After this thoroughly frustrating experience things did get better tho (and you will not have to suffer through this): Loading the Context class finally works. Buuuut — only on the command line. Gradle already runs in a JVM, so in order to save some JVM startup time it just loads the java compiler in the running gradle process, not allowing any -J commands to be added. In order to make the gradle compiler use it’s own JVM we need some extra configuration:

tasks.withType<JavaCompile> {
    val module = "ALL-UNNAMED"
    options.forkOptions.jvmArgs!!.addAll(listOf(
        "--add-exports=jdk.compiler/com.sun.tools.javac.util=$module",
        "--add-exports=jdk.compiler/com.sun.tools.javac.comp=$module",
        "--add-exports=jdk.compiler/com.sun.tools.javac.tree=$module",
        "--add-exports=jdk.compiler/com.sun.tools.javac.api=$module",
        "--add-exports=jdk.compiler/com.sun.tools.javac.code=$module",
    ))
    options.isFork = true
    // the afterEvaluate is something specific to me. see the last code block for reference.
    afterEvaluate {
        options.compilerArgs.add("-Xplugin:IntermediaryNameReplacement mappingFile=${LoomGradleExtension.get(project).mappingsFile.absolutePath} sourceNs=named")
    }
}

Notice that for gradle I need to specify the exports using the forkOptions.jvmArgs instead of using -J. This is because gradle does not directly launch javac and spins up its own JVM instead.

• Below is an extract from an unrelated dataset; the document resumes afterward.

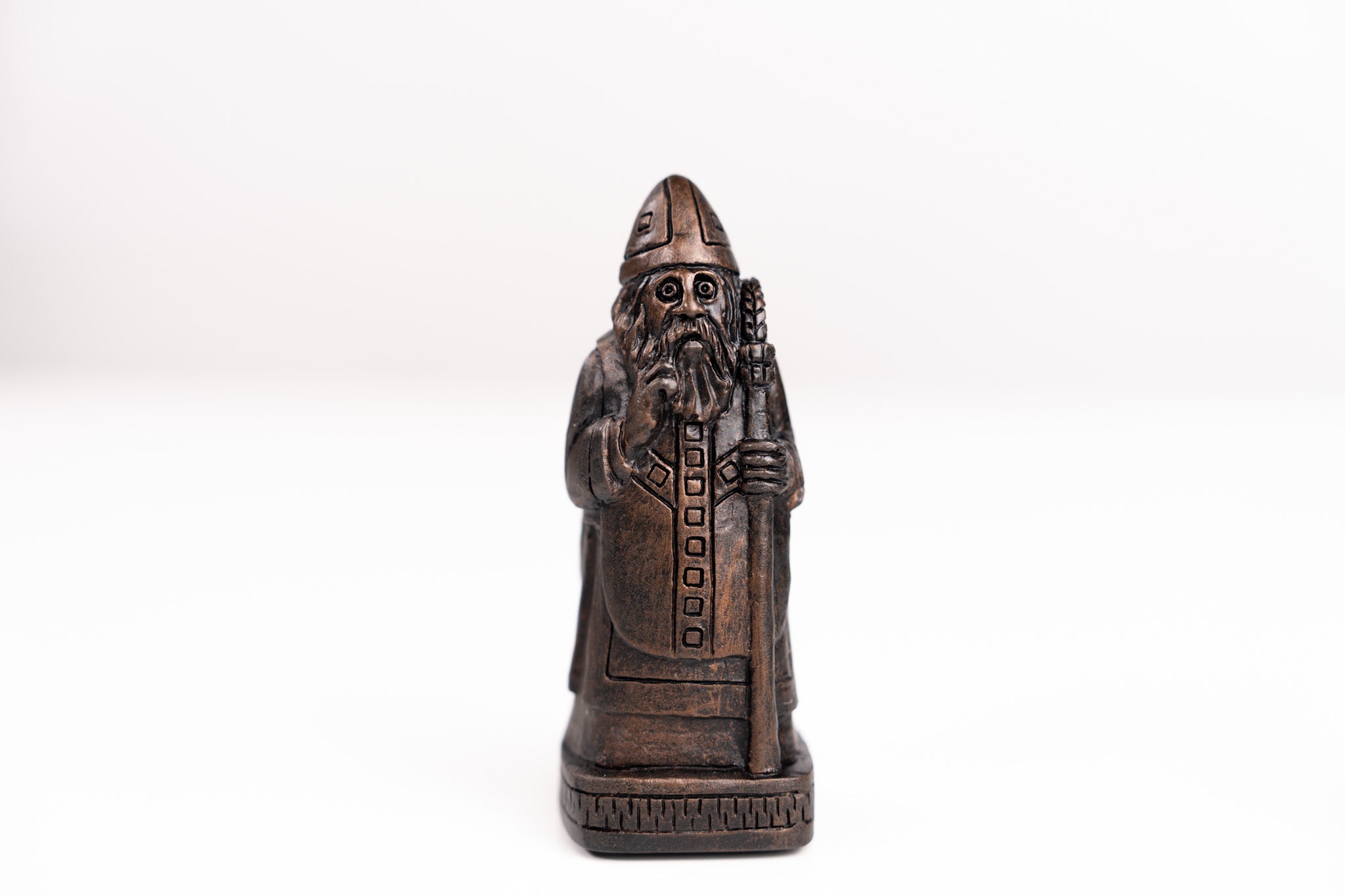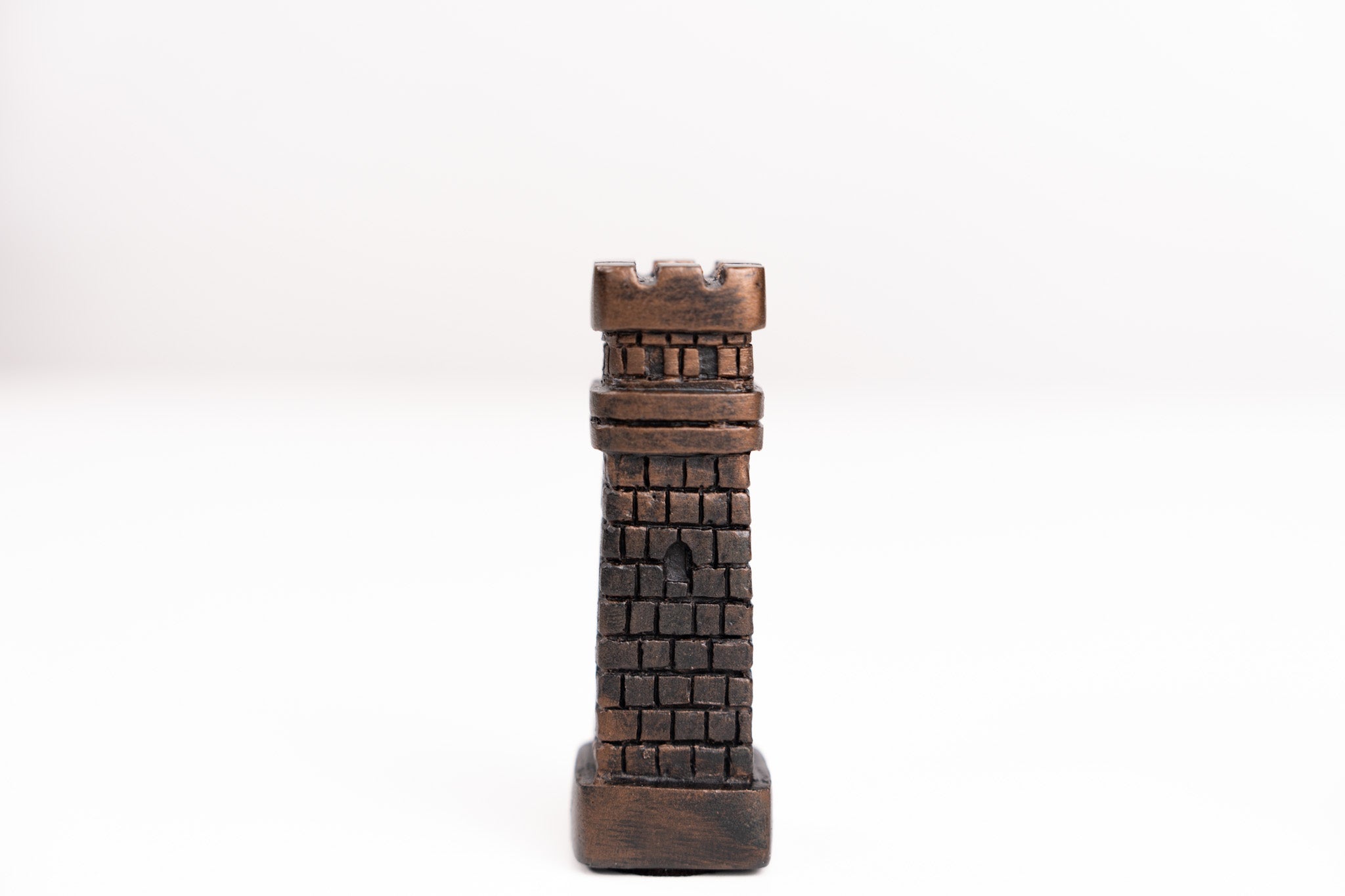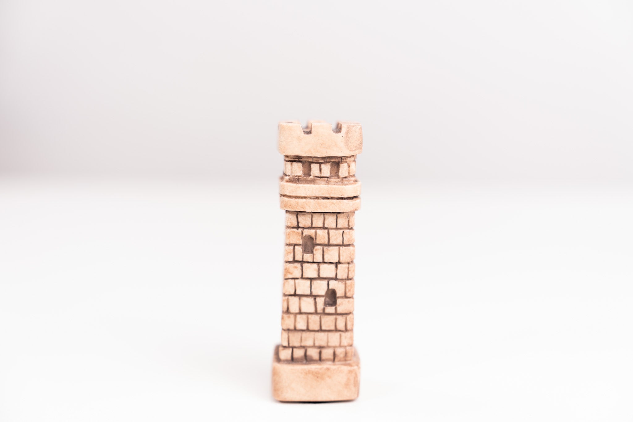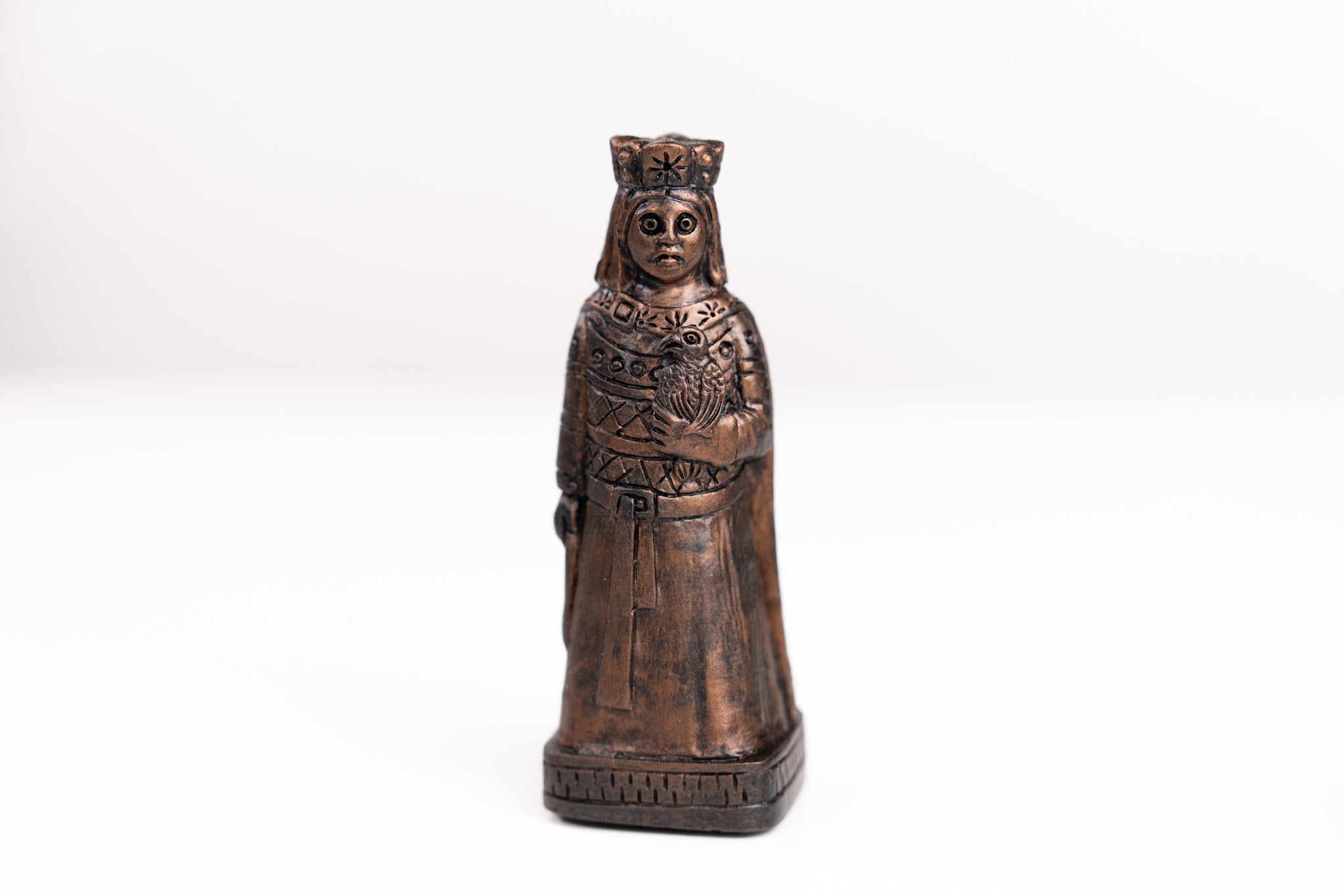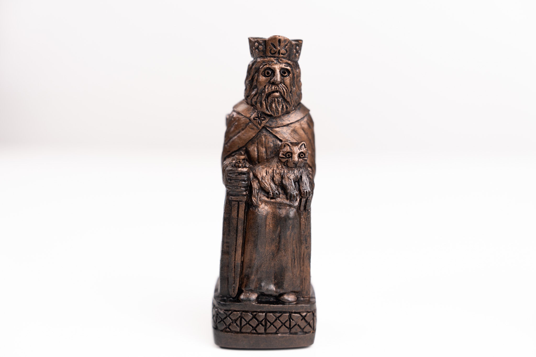 Each piece was originally modeled in clay, then molded and reproduced in wax. The wax patterns were refined for better detail and final molds were made for reproduction. They are cast in stone resin. These pieces are handcrafted entirely in the US. The pieces are substantial from 3 to 5 inches tall and are ideal with a chessboard with at least 2" squares.

I also need to inform the compiler that it should fork using options.isFork. Now after jumping through all of those hoops we finally can load a java compiler plugin in gradle and run it.

Let’s actually write a plugin now

Now that we got over the hurdle of actually loading a compiler plugin on Java 21 the rest of this will be a fairly regular compiler plugin tutorial.

First we need to actually do some things in our init method. The init method gets called once per compile task, while your plugin is only loaded once per JVM. To finally execute some code for each file we need to first add a task listener.

// in your Plugin class
@Override
public void init(JavacTask task, String... args) {
    task.addTaskListener(new IntermediaryNameResolutionTask(task));
}

This task listener will then be called for each compilation unit (which corresponds to a file) at the beginning and end of each compilation phase.

public class IntermediaryNameResolutionTask implements TaskListener {

    final Context context;

    public IntermediaryNameResolutionTask(JavacTask task) {
        var basicTask = (BasicJavacTask) task;
        this.context = basicTask.getContext();
    }

    @Override
    public void finished(TaskEvent e) {
        // Called after a compilation phase is done with a file
        if (e.getKind() != TaskEvent.Kind.ENTER) return;
        if (e.getCompilationUnit() == null || e.getSourceFile() == null) return;
        e.getCompilationUnit().accept(new IntermediaryMethodReplacer(mappings, this), null);
    }
    @Override
    public void started(TaskEvent e) {
        // Called before a compilation phase processed a file
    }
}

There are a few things you should consider before choosing where to change the AST. After later phases the AST is typically more information dense and simplifying, but some things will be verified already. If your plugin does things that wouldn’t normally typecheck, then you might run into issues of the compilation failing before your modifications ever happen. Later phases also require to make your changes much more explicit since the AST transformations that would be done to normal Java code only occur in earlier phases. Generally i recommend sticking to after PARSE or ENTER. PARSE just contains a basic AST while ENTER contains some type information and name resolution through imports.

Finally you can either use a visitor pattern to analyze the AST (which is found inside of the compilation unit) or directly use the accessor methods for that compilation unit to look at files. Usually you will do a mix of both.